Arousal is the physiological state of being awoken or of sense organs stimulated to a point of perception. It involves activating the ascending reticular activating system in the brain, leading to increased heart rate, blood pressure sensory alertness, mobility, and reactivity. Low levels of norepinephrine allow one to sleep and an increase initiates wakefulness. ATP acts as either the sole transmitter or a co-transmitter in most nerves in the peripheral and central nervous system [37]. Noradrenaline and ATP are sympathetic co-transmitters. In the pancreas, there is an increased release of glucagon. In the liver, there is an increase in the production of glucose, either by glycogenolysis or by gluconeogenesis. In skeletal muscles, there is an increase in glucose uptake. The central effects of noradrenaline are manifested in alertness, arousal, and readiness for action.

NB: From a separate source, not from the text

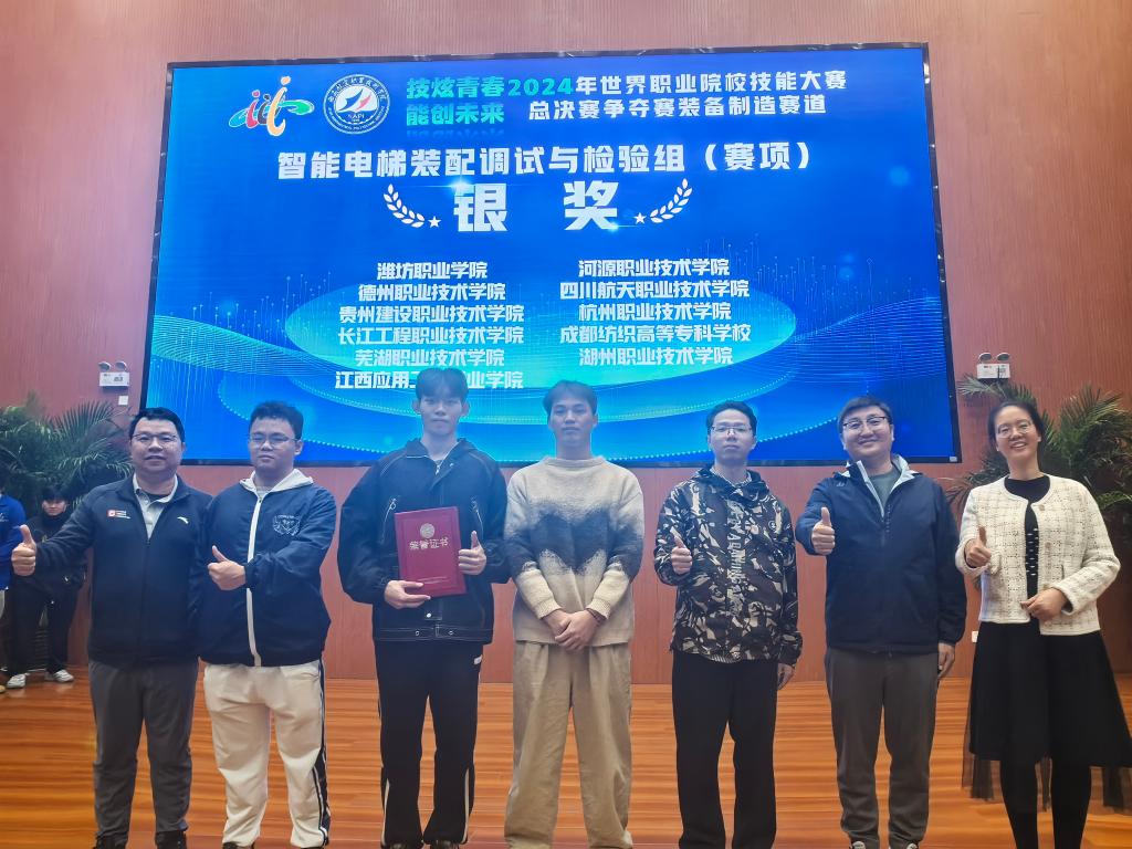 10月29日—30日,以“技炫青春能创未来”为主题的2024年世界职业院校技能大赛总决赛制造装备赛道(智能电梯装配调试与检验组)争夺赛在西安航空职业技术学院隆重举行。该赛项属于装备制造赛道,涵盖高职院校机械设计制造类、机电装备类及自动化类等多个专业,来自全国29个省、自治区、直辖市的58支职业院校代表队300余名师生参赛。我校派出伍懿美、苏文斌两位指导老师及张楚钧、冯海彬、陈郅博、钟羽城四位同学组成的参赛团队赴西安交通职业技术学院参赛,并在争夺赛中获得银奖。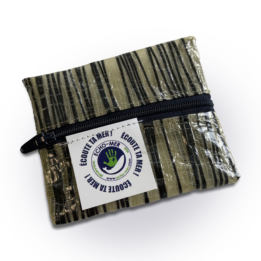 Petit porte-monnaie en voile mylar recyclée, finition métallisée or et noir. Compact, résistant et ultra-léger, matériau technique de régate, fabriqué en atelier solidaire pour un style unique.

The vagus nerve innervates numerous organs including the gastrointestinal tract [74]. The vagus is a mixed nerve, with 80% afferent fibers that convey visceral, somatic, and taste signals. The rest are efferent fibers controlling gastrointestinal motility and secretion as well as blood circulation. The tissue signals via vagus nerve afferents are sent directly to sympathetic neurons in hindbrain nuclei, which project to the hypothalamus [44] and to the limbic structures, which affect and motivate all aspects of life [73].

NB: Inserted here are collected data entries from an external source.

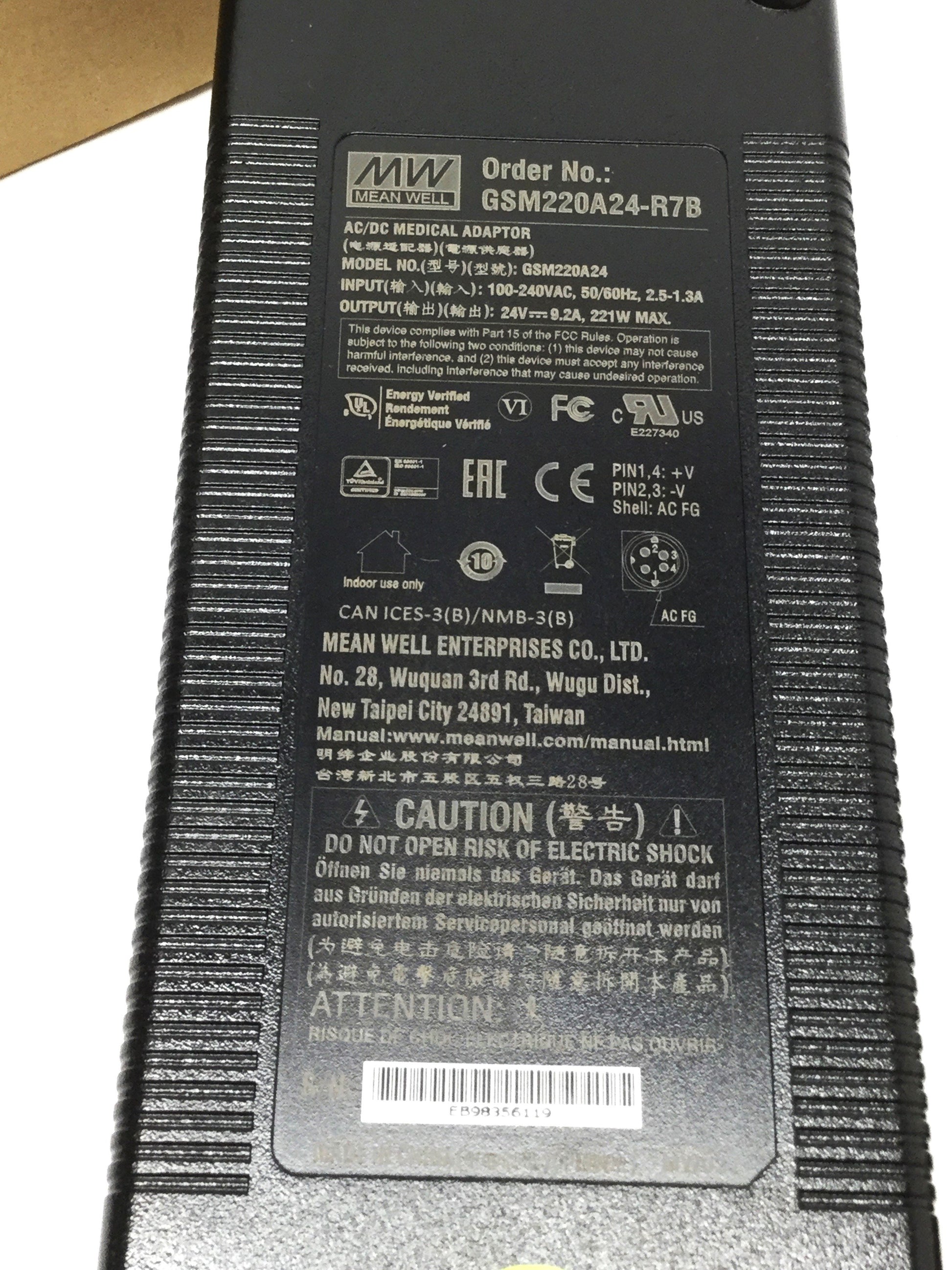 New – Open box Mean Well GSM220A24-R7B Medical Power Supply 120/240VAC In, 4-Pin DIN 24VDC 9.2A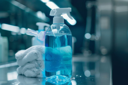 A modern clear spray bottle filled with a cleaning solution rests against a soft color background, perfect for illustrating home care, hygiene, and cleanliness.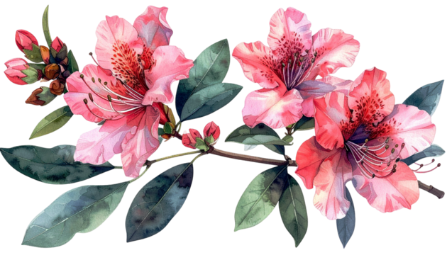 Close up of pink azalea rhododendron flowers isolated on white or transparent background PNG for spring and floral design concepts

The sympathetic nervous system controls the body’s vital organs and functions, such as the cardiovascular and respiratory systems. It contributes to the stress response by releasing epinephrine and norepinephrine from the adrenal medulla. Sympathetic tone may mediate the leptin-dependent regulation of bone-related calcium metabolism [70]. An elevated sympathetic tone accompanies stress related to between-meal glucose decline that motivates organisms to consummatory behaviors to replenish energy fuels and glucose, in particular. The behavioral response is triggered by bone calcium release controlled by catecholamines [70].

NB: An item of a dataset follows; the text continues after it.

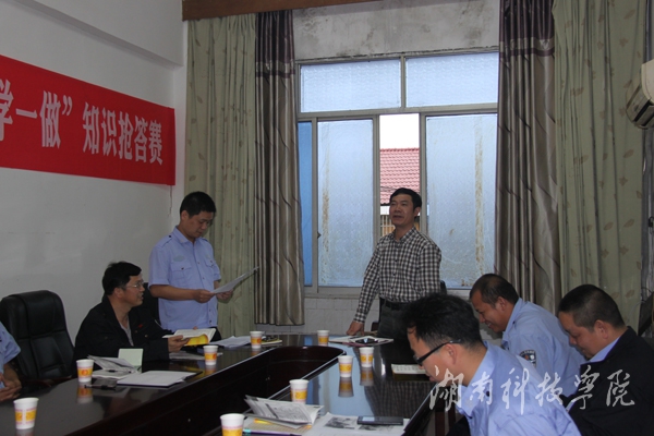 5月24日,保卫处党支部举行校领导讲党课暨“两学一做”知识抢答赛。副校长吴小林为该支部党员讲党课,并以一名普通党员身份参加知识抢答赛。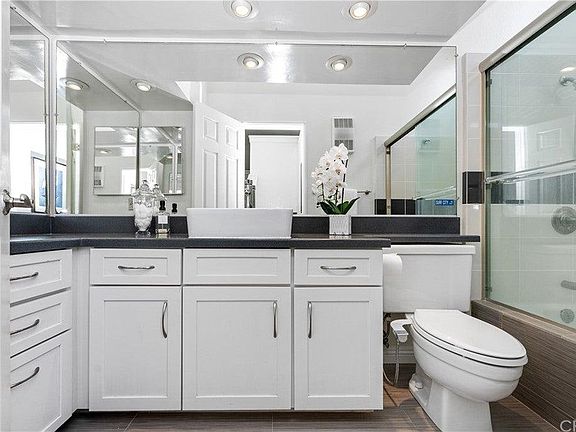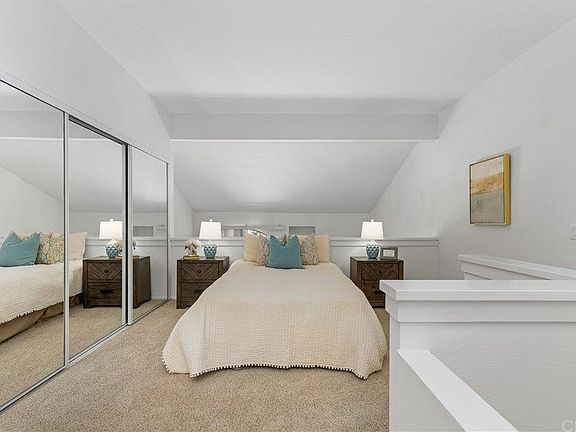 Welcome to Cabo del Mar a lush, well-maintained, secure gated community only a mile from the Pacific Ocean. Your elegant, freshly painted, second-floor two-level condo "lives large" with its soaring ceilings and open concept design. Just beyond the tiled entryway into a spacious living area with a fireplace where laminate floors (with sound-dampening padding) sparkle in the flood of natural light from floor to ceiling windows and a slider leading to your large patio for star-watching, dining, and barbecuing. The elegant kitchen features granite countertops, stainless steel appliances, handsome cabinetry, and a tray ceiling with recessed lighting. The large upstairs loft bedroom overlooking the living room boasts space for a king-size bed, work area, and ample closets with custom adjustable fittings. A gorgeous, sunlit remodeled bath (easily accessed by guests without entering the bedroom area) includes a wide vanity with plenty of storage behind shaker-style cabinet doors, vessel sink, and tub shower with sliding glass doors. Beyond the doors of your lovely retreat, you'll enjoy Cabo del Mar's community pool, jacuzzi, sauna, racquetball court, shady trees, and plenty of parking. Adjacent to beautiful Rivergate park, walking trails, and minutes from Bolsa Chica Conservation Area, the harbor, an array of great restaurants and shopping, and those glorious sandy beaches. A perfect place to call home, move-in ready.

The bone-derived hormone osteocalcin crosses the blood–brain barrier and binds specifically to serotonergic neurons of the raphe nuclei in the brainstem, to neurons of the CA3 region of the hippocampus, and of the dopaminergic nucleus of the ventral tegmental area in the midbrain [75]. In the brain, osteocalcin plays an important role in development and functioning including spatial learning and memory [76]. The osteocalcin deficiency could be traced to a decrease in the synthesis of all monoamine neurotransmitters and to an increase in GABA [75]. This is accompanied by behavioral phenotypes such as increased anxiety and a profound deficit in spatial learning and memory [75,76]. Osteocalcin permits manifestations of the acute stress response by inhibiting the post-synaptic parasympathetic neurons, thereby leaving the sympathetic tone unopposed.

4.1. Calcium Signaling in the Neuromuscular System

Calcium entering the neural and muscle cells through voltage-gated calcium channels serves as the second messenger of electrical signaling, initiating multiple cellular events [77]. In motoneurons, voltage-gated calcium channels trigger the release of acetylcholine neurotransmitters [77]. In the myocardium, activation of calcium channels initiates contraction directly by increasing cytosolic Ca2+ concentration and indirectly by activating calcium-dependent calcium release by ryanodine-sensitive Ca2+ channels. In skeletal muscle cells, voltage-gated Ca2+ channels in the transverse tubule membranes interact directly with ryanodine-sensitive Ca2+ release channels and activate them to initiate muscle contractions, enabling locomotory movements [77].

4.2. Sialic Acid

Sialic acid is an essential component of brain gangliosides and sialylated glycoproteins, particularly as precursors for the synthesis of the polysialic acid (polySia) glycan that post-translationally modifies the cell membrane-associated neural cell adhesion molecules (NCAM) [78]. Polysialylated NCAM and neural gangliosides play critical roles in mediating cell-to-cell interactions involved in neuronal outgrowth, synaptic connectivity, and memory formation. The polySia moiety on NCAM confers unique properties that influence many cellular processes, including cell migration, neurite outgrowth, branching, neuronal pathfinding, regeneration, and synaptic plasticity. In humans, the predominant form of sialic acid is N-acetylneuraminic acid (Neu5Ac). This is the key monomeric precursor of brain glycoproteins, including polySia (polySia), gangliosides, glycosaminoglycans, and mucins. These sialoglycoconjugates are ubiquitously expressed throughout the human body.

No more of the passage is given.